Cahier critique 12/05/2017

"Une histoire de France" de Sébastien Bailly

#electionpresidentielle

Parmi les raisons qui font que le cinéma de Sébastien Bailly se révèle, de film en film, passionnant, il se profile une constance à se confronter au réel dans ce qu’il a de plus délicat à saisir au cinéma, à savoir l’époque précisément jalonnée d’un point de vue politique ou symbolique. Ce fut l’élément, polémique s’il en est, du voile islamique à travers Où je mets ma pudeur, son précédent court métrage ; c’est cette fois la présidence de François Hollande au lendemain des attentats de janvier 2015. L’ambition de toucher à la psyché du pays à un moment donné de son histoire est donc revendiquée dans la démarche, dès l’écriture, et l’écueil de la démonstration est à nouveau écarté, grâce à un récit reposant sur plusieurs strates narratives dont l’épaisseur permet de répondre aux promesses d’un titre programmatique.

La richesse de la fiction s’enracine, en effet, dans la convergence de plusieurs histoires de France : celle d’une ville de province en particulier, Tulle, dont la célébrité contemporaine tient à son statut de fief électoral de deux présidents de la République, Chirac et Hollande ; celle du passé, puisque la préfecture corrézienne fut martyrisée au printemps 1944 par le passage de l’effroyable division Das Reich ; celle d’une industrie et d’un artisanat jadis florissants, et aujourd’hui relégués aux vitrines des musées. À la croisée de ces pistes potentielles se tiennent deux jeunes femmes, Delphine la Française et Charlotte l’Allemande. La première évolue dans les arcanes de la politique locale, s’occupant de la presse, donc d’un éventuel cliché du Président que prendrait, dans son ancien bureau municipal, la seconde, venue plutôt pour photographier la réalité de la paisible cité endormie. Charlotte découvrira, hors du programme balisé, le champ des martyrs et le spectre du massacre de juin. Sa réalité éludée, aussi, à savoir l’entente des notables de la ville avec les SS pour sacrifier les plus faibles, pauvres ou marginaux.
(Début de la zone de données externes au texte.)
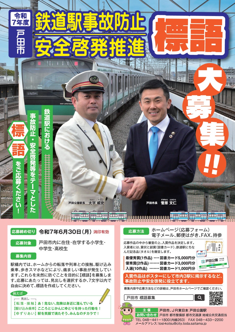 埼玉県戸田市 × 東日本旅客鉄道株式会社 戸田公園駅 共同事業鉄道駅事故防止・安全啓発推進標語を募集します

L’amour charnel entre les deux femmes sera aussi au bout de la nuit et cet autre voyage est filmé dans un mélange de crudité et de tendresse donnant un surcroît de force à une fiction affranchie, qui en dit beaucoup sur ce qui est glissé sous le tapis d’une nation frileuse et désabusée, à l’approche d’une échéance électorale de tous les dangers.

Christophe Chauville

Article paru dans Bref n°117, 2015.

Réalisation et scénario : Sébastien Bailly. Image : Pascale Marin et Nicolas Voisin. Montage : Cécile Frey. Son : Marie-Clotilde Chéry, Mariette Mathieu-Goudier, Alexandre Hecker et Benjamin Viau. Musique originale : Laurent Levesque. Interprétation : Anne Steffens, Friedelise Stutte, Julien Cheminade, Thierry Chenavaud et Bernard Jacques. Production : La Mer à boire Productions et Ostinato Production.